John’s face, smudged with the dirt and dust from lying on the floor, contorts in the pain of the effects of the night’s ethanol poisoning. Bright sunlight forces its way into the little mountain valley (or “hollar” as the locals call it). It is late afternoon. That is remorse time.
As the daylight stabs John’s eyes, he slams his lids shut. It is a vain gesture at best. “Being hungover is bad,” he mumbles, continuing the morning monologue. “Martis, you know the drill.”
He opens one eye to form the slightest slit. The light shoots in like high-pressure water through a hole in a submarine. Fighting the pain, he murmurs self-encouragement, “Got to see somehow. Find your sunglasses. Come on, Martis. You can do it.”
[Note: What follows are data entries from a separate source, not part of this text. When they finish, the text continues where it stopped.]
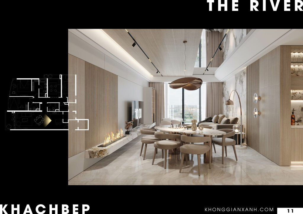 Đáp ứng mong muốn của chủ nhà về không gian nội thất tươi sáng, thuận tự nhiên. Tone màu chủ đạo cho thiết kế nội thất căn hộ The River Thủ Thiêm là sắc gỗ sáng tự nhiên, kết hợp các mảng đá rõ vân. Hình khối kiến trúc chủ yếu là vuông, theo hướng hiện đại, lược bỏ các chi tiết cầu kỳ. Kết hợp các đèn trang trí để cân bằng và làm dịu không gian.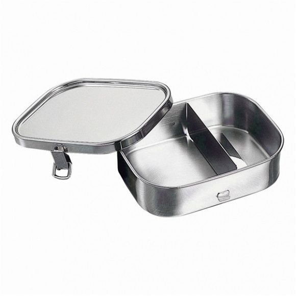 シンプルで丈夫な、工房アイザワのステンレス製 弁当箱 角型ランチボックスです。幼稚園の保温器で使用可能。おかずやご飯などに臭いや色移りが無いステンレスを使用し、シリコン製のパッキンにより密封性を向上させ、汁漏れなどしにくくなっています。弁当箱にはステンレス製の留め具を2箇所に設置し、取り外し可能な仕切り付き。ステンレスのシンプルなデザインは、老若男女問わずに、長く愛用していただけます。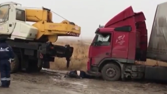 Сегодня утром, 28 ноября, в Волгограде во время вытаскивания фуры с обочины умер дальнобойщик. За несколько минут до своей смерти водитель фуры обратился за помощью к своему коллеге, местному жителю, сидящему за рулем автокрана с просьбой помочь вытолкнуть с обочины застрявший грузовик. Автокран подъехал, а затем сдал назад, чтобы подцепить фуру. В этот момент между грузовиком и автокраном стоял дальнобойщик. "Со слов водителя автокрана, он видел своего ростовского коллегу в зеркала до последнего, после чего тот пропал из поля зрения. А когда вышел из кабины, то увидел лежащее тело. Приехавшие медики диагностировали мгновенную смерть. Точная причина смерти не установлена, на трупе в области головы есть небольшая ушибленная рана. Задний стоп-сигнал автокрана разбит", — прокомментировали местной прессе в отделении МВД региона. Полицейскими в настоящее время проводятся все необходимые следственные мероприятия, и официально причина смерти еще не озвучена. Однако, по имеющейся информации, гибель дальнобойщика произошла от удара фарой автокрана по голове водителя грузовика.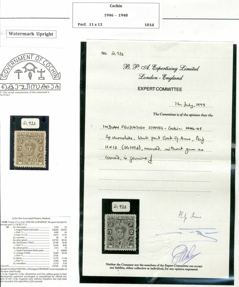 1946-8, 2p chocolate, watermark part Coat of Arms, without gum as issued, perforated 11x13, some typical feathered perfs, else a fine example of this scarce perforation variety; with 1999 B.P.A. certificate. (S.G. 101d, £X; Sc. 82b, $550)

Pulling up to his hands and knees, he attempts to locate his sunglasses, a first defense against boozing. But making sense of his surroundings through a swollen opening proves difficult. He searches the floorboards in expanding arcs with his hands. “Where the hell are they? You had ’em on yesterday, you idiot. Right out here. You were sitting—”
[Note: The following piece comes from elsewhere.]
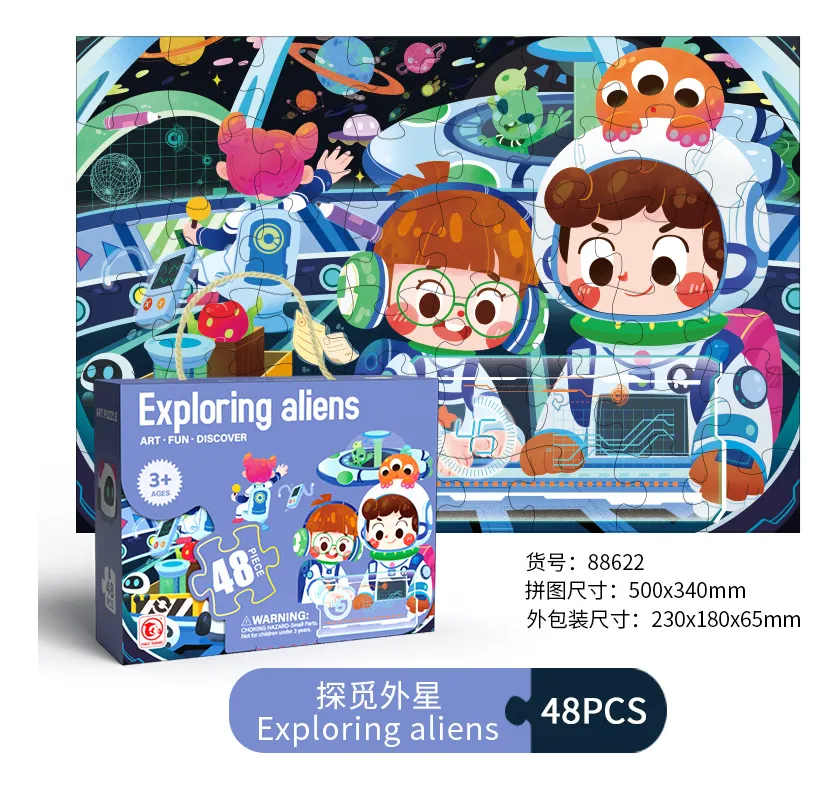 Com ilustrações divertidas de planetas, foguetes e simpáticos alienígenas, este quebra-cabeça de 48 peças é perfeito para estimular a imaginação e desenvolver o raciocínio lógico. Indicado para crianças acima de 3 anos, ajuda a trabalhar a coordenação motora, a concentração e a percepção visual enquanto elas montam um cenário cheio de cores e mistério espacial.
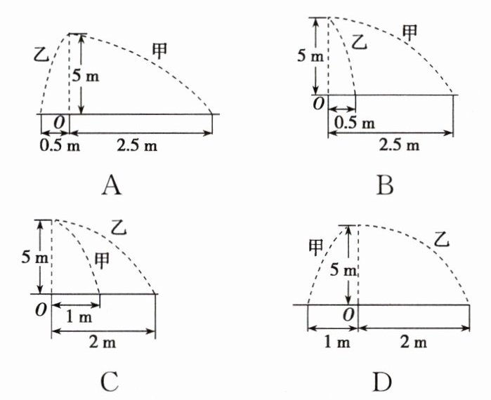 3. 一弹丸在飞行到距离地面 $5\ m$ 高时仅有水平速度 $v = 2\ m/s$,爆炸成为甲、乙两块弹片水平飞出,甲、乙的质量之比为 $3:1$。不计质量损失,重力加速度 $g$ 取 $10\ m/s^2$,则甲、乙两块弹片飞行的轨迹可能正确的是( )。

Crash! Mason jars scatter about the porch as his sweeping hands knock over the empties. Bottle flies, disturbed by the noisy explosion, swarm up and land on John’s face and arms.
“Damn!” He waves his hands as he stumbles up to his feet. Potent nausea builds deep in his gut. “Breathe . . . breathe . . . breathe. . . .” Bent over, he remains standing as erect as his compromised balance will allow.
“Got . . . got to settle . . . breathe . . . breathe. . . .”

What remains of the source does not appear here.